### Goal of the exercise:
From the line that contains "Der Saal wurde" to the end of the entries, copy each line exactly, though the pictures stay out.

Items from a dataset
++++++

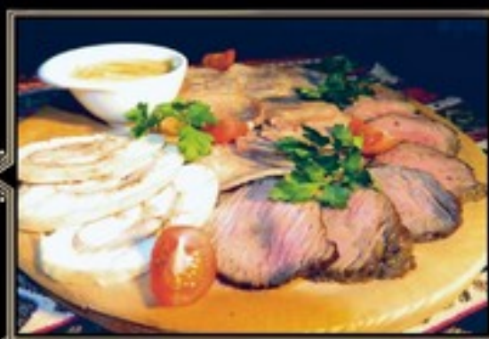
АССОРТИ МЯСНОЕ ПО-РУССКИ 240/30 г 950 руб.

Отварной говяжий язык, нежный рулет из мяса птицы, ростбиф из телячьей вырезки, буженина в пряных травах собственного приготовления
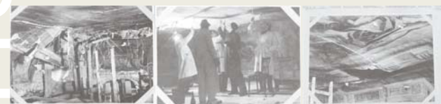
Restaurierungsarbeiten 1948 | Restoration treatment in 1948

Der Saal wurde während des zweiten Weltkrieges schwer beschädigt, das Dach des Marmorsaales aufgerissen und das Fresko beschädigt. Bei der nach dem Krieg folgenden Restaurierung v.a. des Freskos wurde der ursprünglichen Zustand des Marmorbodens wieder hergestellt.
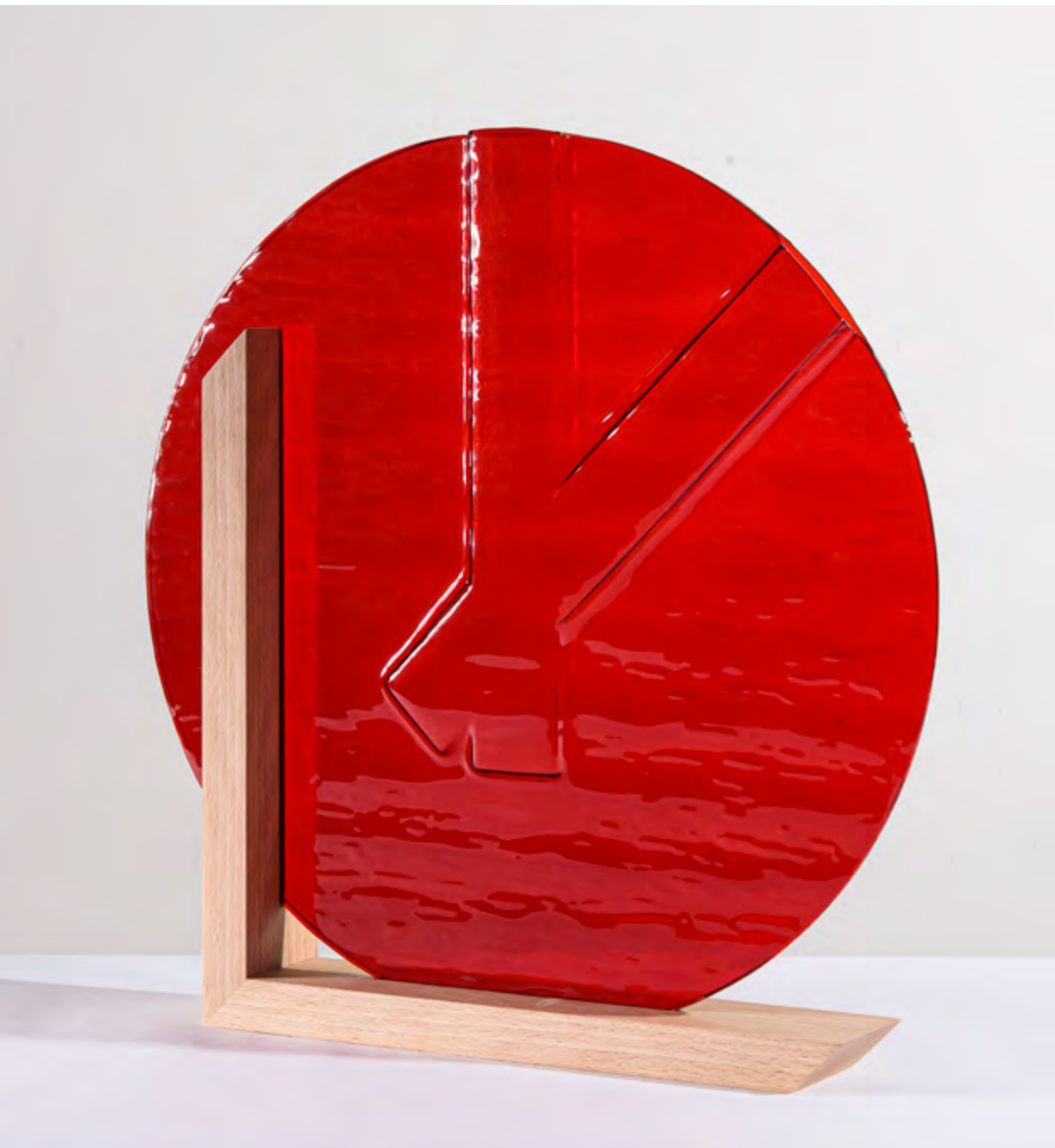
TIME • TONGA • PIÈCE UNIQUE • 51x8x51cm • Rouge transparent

++++++

### Your response:
Der Saal wurde während des zweiten Weltkrieges schwer beschädigt, das Dach des Marmorsaales aufgerissen und das Fresko beschädigt. Bei der nach dem Krieg folgenden Restaurierung v.a. des Freskos wurde der ursprünglichen Zustand des Marmorbodens wieder hergestellt.
TIME • TONGA • PIÈCE UNIQUE • 51x8x51cm • Rouge transparent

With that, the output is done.